Workers unload rice bags at a grocery store known as Kirana in Bengaluru, India on Monday June 21, 2021. D.

Dhiraj Singh | Bloomberg | Getty Images

India’s e-commerce giant Flipkart said Monday it had raised $ 3.6 billion in fresh funds from global investors including sovereign wealth funds, private equity and its parent company Walmart.

The new round of funding was led by the Singapore sovereign wealth fund GIC, the Canada Pension Plan Investment Board, SoftBank Vision Fund 2 and Walmart. It also included investments from sovereign wealth funds such as Qatar Investment Authority, Khazanah Nasional Berhad from Malaysia and DisruptAD, the venture arm of the Abu Dhabi sovereign wealth fund, ADQ.

Other donors included Tencent from China, Franklin Templeton and Tiger Global.

“This investment by leading global investors reflects the promise of digital commerce in India and their belief in Flipkart’s ability to maximize that potential for everyone involved,” said Kalyan Krishnamurthy, CEO of Flipkart, in a statement.

He said the company will focus on helping millions of Indian small and medium-sized businesses grow, including small family-owned grocery stores known as kiranas, and plans to continue investing in new categories and domestic technology.

SoftBank’s return

Japan-based SoftBank had previously sold its Flipkart stake to Walmart in 2018, and their return comes at a time when the Indian company is reportedly considering potential stock exchange options. Flipkart said it now has a valuation of $ 37.6 billion.

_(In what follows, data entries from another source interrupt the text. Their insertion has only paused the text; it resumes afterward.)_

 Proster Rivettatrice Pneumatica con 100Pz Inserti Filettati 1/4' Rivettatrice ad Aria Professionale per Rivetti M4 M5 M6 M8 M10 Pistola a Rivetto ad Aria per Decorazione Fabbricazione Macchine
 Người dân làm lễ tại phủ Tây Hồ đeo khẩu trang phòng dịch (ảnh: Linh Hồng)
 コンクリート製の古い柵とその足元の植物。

SoftBank has supported other Indian tech startups, such as digital payments company Paytm, budget hotel room start-up Oyo and ride-sharing company Ola.

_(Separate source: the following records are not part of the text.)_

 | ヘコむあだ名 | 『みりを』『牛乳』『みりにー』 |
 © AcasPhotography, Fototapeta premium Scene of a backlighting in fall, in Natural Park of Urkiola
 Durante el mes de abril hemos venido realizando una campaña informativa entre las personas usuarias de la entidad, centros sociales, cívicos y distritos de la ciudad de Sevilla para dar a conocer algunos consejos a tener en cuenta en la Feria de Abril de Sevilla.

“SoftBank’s re-investment in Flipkart is driven by our experience and the belief of the company’s management team to continue serving the needs of Indian consumers for decades to come,” said Lydia Jett, partner at SoftBank Investment Advisers, in a statement.

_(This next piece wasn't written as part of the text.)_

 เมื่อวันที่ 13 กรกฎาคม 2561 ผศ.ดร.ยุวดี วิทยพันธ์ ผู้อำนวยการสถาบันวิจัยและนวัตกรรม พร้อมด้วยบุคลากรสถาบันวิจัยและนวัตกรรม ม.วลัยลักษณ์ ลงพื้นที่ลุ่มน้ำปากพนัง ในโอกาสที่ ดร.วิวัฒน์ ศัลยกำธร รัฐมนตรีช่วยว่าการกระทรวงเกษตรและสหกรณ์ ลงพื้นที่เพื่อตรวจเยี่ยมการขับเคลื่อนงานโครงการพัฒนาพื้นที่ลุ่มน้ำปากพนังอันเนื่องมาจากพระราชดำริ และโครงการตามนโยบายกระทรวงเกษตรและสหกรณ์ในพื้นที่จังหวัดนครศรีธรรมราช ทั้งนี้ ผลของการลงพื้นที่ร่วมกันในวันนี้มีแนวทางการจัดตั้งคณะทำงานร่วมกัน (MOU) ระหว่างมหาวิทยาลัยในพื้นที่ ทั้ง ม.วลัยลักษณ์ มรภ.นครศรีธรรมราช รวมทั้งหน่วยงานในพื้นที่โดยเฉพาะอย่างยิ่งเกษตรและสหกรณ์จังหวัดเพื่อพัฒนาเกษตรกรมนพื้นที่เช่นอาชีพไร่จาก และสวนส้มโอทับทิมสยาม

India’s e-commerce potential

Most of the retail business in India takes place in brick and mortar stores, but the online the potential remains enormous: India has one of the fastest growing and largest internet populations in the world.

In recent years, a combination of reforms, a push toward digitization, and last year’s coronavirus pandemic – and subsequent national and regional lockdowns – has shifted some of the transactions online.

In the last three months of 2020, India’s e-commerce sector grew 36% in volume and 30% in value year-over-year, according to a joint report by Unicommerce and Kearney.

The personal care, beauty and wellness category grew 95% year-over-year, while consumer goods and health care grew 46%. According to the report, most of the incremental growth was driven by sharp spikes in e-commerce volume and value in India’s tier 2 and tier 3 cities.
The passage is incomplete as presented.